■ Instructions to follow: Since only part of the material below is wanted, output exactly the lines from the one with "Mississippi Gov. Haley" up to and including the one with "IAST的核心功能之一:主动".

■ Excerpted records:
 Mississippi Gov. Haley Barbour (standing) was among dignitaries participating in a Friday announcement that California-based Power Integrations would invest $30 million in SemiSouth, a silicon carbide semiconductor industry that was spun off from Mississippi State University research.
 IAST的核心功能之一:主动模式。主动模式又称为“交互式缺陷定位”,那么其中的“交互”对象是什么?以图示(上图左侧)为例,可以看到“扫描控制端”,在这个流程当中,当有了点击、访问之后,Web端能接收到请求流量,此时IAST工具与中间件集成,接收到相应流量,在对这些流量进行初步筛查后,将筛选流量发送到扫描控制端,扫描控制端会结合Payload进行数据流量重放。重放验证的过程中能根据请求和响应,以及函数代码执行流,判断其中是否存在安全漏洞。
...
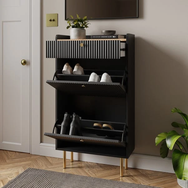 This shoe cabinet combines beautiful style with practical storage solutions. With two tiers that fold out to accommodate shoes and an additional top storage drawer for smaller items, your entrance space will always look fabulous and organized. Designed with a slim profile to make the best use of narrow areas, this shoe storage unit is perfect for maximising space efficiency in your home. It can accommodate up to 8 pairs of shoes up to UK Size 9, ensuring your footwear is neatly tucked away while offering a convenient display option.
---
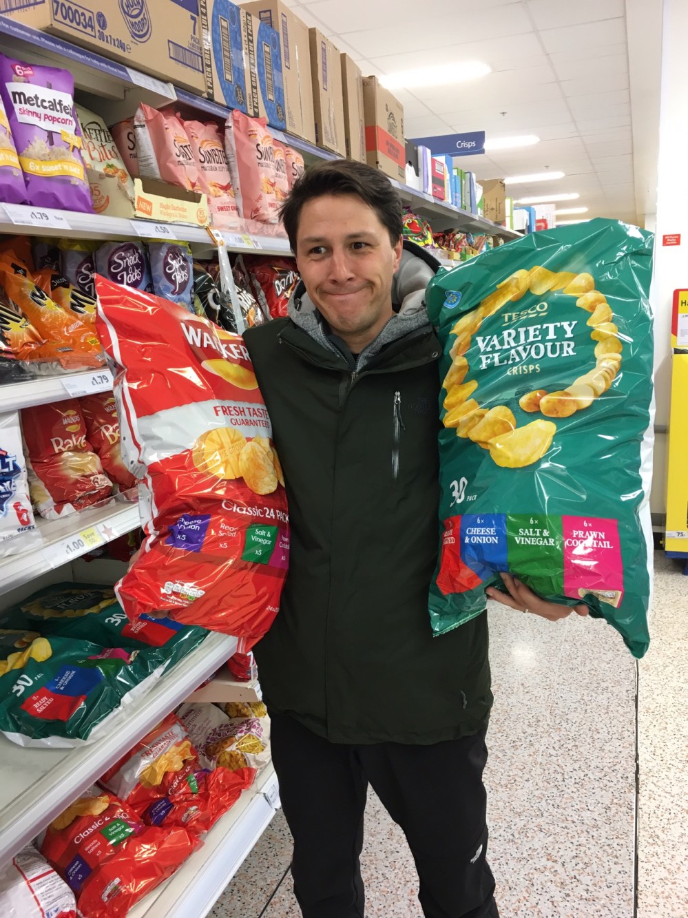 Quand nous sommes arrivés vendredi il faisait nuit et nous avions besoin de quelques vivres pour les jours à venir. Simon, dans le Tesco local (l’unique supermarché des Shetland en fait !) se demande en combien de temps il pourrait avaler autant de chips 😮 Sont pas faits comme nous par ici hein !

■ Exercise answer:
 Mississippi Gov. Haley Barbour (standing) was among dignitaries participating in a Friday announcement that California-based Power Integrations would invest $30 million in SemiSouth, a silicon carbide semiconductor industry that was spun off from Mississippi State University research.
 IAST的核心功能之一:主动模式。主动模式又称为“交互式缺陷定位”,那么其中的“交互”对象是什么?以图示(上图左侧)为例,可以看到“扫描控制端”,在这个流程当中,当有了点击、访问之后,Web端能接收到请求流量,此时IAST工具与中间件集成,接收到相应流量,在对这些流量进行初步筛查后,将筛选流量发送到扫描控制端,扫描控制端会结合Payload进行数据流量重放。重放验证的过程中能根据请求和响应,以及函数代码执行流,判断其中是否存在安全漏洞。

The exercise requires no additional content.